Articles tagged with: journal article

  • New paper by Dragos Simandan “Social capital, population health, and the gendered statistics of cardiovascular and all-cause mortality”

    A new paper titled, “Social capital, population health, and the gendered statistics of cardiovascular and all-cause mortality” by Professor Dr. Dragos Simandan was recently published in SSM – Population Health.

    Abstract:
    Scholars in the field of population health need to be on the constant lookout for the danger that their tacit ideological commitments translate into systematic biases in how they interpret their empirical results. This contribution illustrates this problematic by critically interrogating a set of concepts such as tradition, trust, social capital, community, or gender, that are routinely used in population health research even though they carry a barely acknowledged political and ideological load.

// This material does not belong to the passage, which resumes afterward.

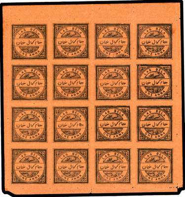 1901-02 1a black on orange complete sheet of sixteen (4x4), showing listed variety joined characters R3/3, unused with brilliant o.g. very minor perf separation at foot, an incredibly fine and rare item. SG 8/8a £1300+

Alongside this wider deconstruction of loaded concepts, I engage critically but constructively with Martin Lindström et al.’s paper “Social capital, the miniaturization of community, traditionalism and mortality: A population-based prospective cohort study in southern Sweden” to evaluate the extent to which it fits with other empirical findings in the extant literature. Taking as a point of departure the intriguing finding that social capital predicts cardiovascular and all-cause mortality only for men, but not for women, I argue that future research on the nexus of social capital, health, and mortality needs to frame gender not only as a demographic and statistical variable, but also as an ontological conundrum and as an epistemological sensibility.

      Reference:
      Simandan. D. (2021). Social capital, population health, and the gendered statistics of cardiovascular and all-cause mortality. SSM – Population Health, 16: online.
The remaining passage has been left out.